Data extracted from a collection:
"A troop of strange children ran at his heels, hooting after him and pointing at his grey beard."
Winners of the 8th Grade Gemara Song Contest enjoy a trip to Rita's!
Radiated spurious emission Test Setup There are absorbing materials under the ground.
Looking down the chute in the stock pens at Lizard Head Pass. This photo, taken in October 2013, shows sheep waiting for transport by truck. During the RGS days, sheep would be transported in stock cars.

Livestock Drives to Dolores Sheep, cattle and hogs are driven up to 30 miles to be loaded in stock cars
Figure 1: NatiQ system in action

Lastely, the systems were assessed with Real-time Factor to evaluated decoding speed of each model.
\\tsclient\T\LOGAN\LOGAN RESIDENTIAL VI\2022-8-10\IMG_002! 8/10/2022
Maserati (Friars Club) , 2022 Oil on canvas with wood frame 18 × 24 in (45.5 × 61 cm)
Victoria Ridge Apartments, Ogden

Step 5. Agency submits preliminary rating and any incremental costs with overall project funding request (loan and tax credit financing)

**What to do**
For this exercise, output exactly the lines above from the line with "Radiated spurious emission" to the line with "Figure 1: NatiQ system in action", counting both, and leave out the rest.

**Reply**
Radiated spurious emission Test Setup There are absorbing materials under the ground.
Looking down the chute in the stock pens at Lizard Head Pass. This photo, taken in October 2013, shows sheep waiting for transport by truck. During the RGS days, sheep would be transported in stock cars.

Livestock Drives to Dolores Sheep, cattle and hogs are driven up to 30 miles to be loaded in stock cars
Figure 1: NatiQ system in action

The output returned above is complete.